И когда Елизавета попросила объяснить, что это значит, поэт ответил ей: «Это когда человек тратит из своей сокровищницы и не пополняет. Пополнять ему нечем и неинтересно. И я такой же».
«Он смеялся с горькой складочкой около губ», – вспоминала через несколько дней после гибели поэта Устинова, придавшая его словам фатальный смысл. А это определение своего творческого дара вовсе не было для Есенина неким роковым озарением – он всю жизнь жил с этим сознанием, безжалостно тратя свой бесценный дар, и лишь временами с его губ срывалось подобное сожаление.
И еще на одно размышление наталкивает солженицынская «крохотка». Солженицын писал ее, видимо, в плохом настроении. Потому что, во-первых, высокий берег Оки, заливные луга, темная кромка леса, зеленые овраги, ширь небесная на много верст – все это делает Константинове одним из красивейших уголков России. Во-вторых, конечно же, местные жители всегда замечали и чувствовали эту красоту, только выражали ее по-своему: отражалась она в их нарядах, в вышивках на рушниках и сарафанах, в песнях и плясках, в свадебных обрядах, в узорчатых причелинах и наличниках, в пословицах и поговорках – да всего не перечислишь… И все-таки… и все-таки, почему именно здесь появился Есенин?

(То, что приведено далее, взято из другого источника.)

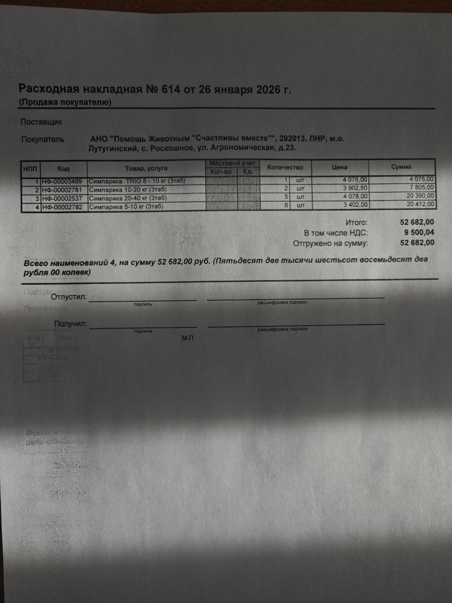 У нас срочный сбор,друзья!!! Часть обработки мы заказали на прошлой неделе... Сейчас докупаем ещё,тем более приюту отдают по божеской цене...Это ВАЖНО!!! Приют - это не только обогреть и накормить)Это регулярные и своевременные обработки жителей приюта...Ищем волшебников ,которые помогут оплатить эту накладную 🙏🙏🙏

Прежде всего надо обратить внимание на то, что древо есенинского рода было несколько необычным, отмеченным «особой метой». Все его ближайшие родные – оба деда, обе бабки, отец и мать, – если присмотреться к ним повнимательнее, были людьми необычными: или с некой тонкой душевностью, или с сильным характером, или с тягой к личной независимости, или с любовью к песне, к игре, к молитве, то есть со своеобразным художественным складом. Может быть, унаследованные от каждого из них свойства таким счастливым образом переплелись в Есенине, что он стал средоточием особого крестьянского аристократизма, который проявлялся буквально во всем – в походке, душевной чуткости, одежде, гибком и сильном уме, целеустремленности натуры. И представьте себе, что все эти свойства были увенчаны сверх того поэтическим даром. Дедушка поэта по отцу – Никита Осипович, проживший всего сорок два года и умерший до рождения Сергея, умел читать и писать, помогал землякам сочинять всякие прошения, был трезвым и умным человеком и не зря, видимо, занимал в деревне почетный пост сельского старосты. В молодости Никита Осипович хотел уйти в монастырь, за что он и все его потомство получили кличку «монахи» и «монашки».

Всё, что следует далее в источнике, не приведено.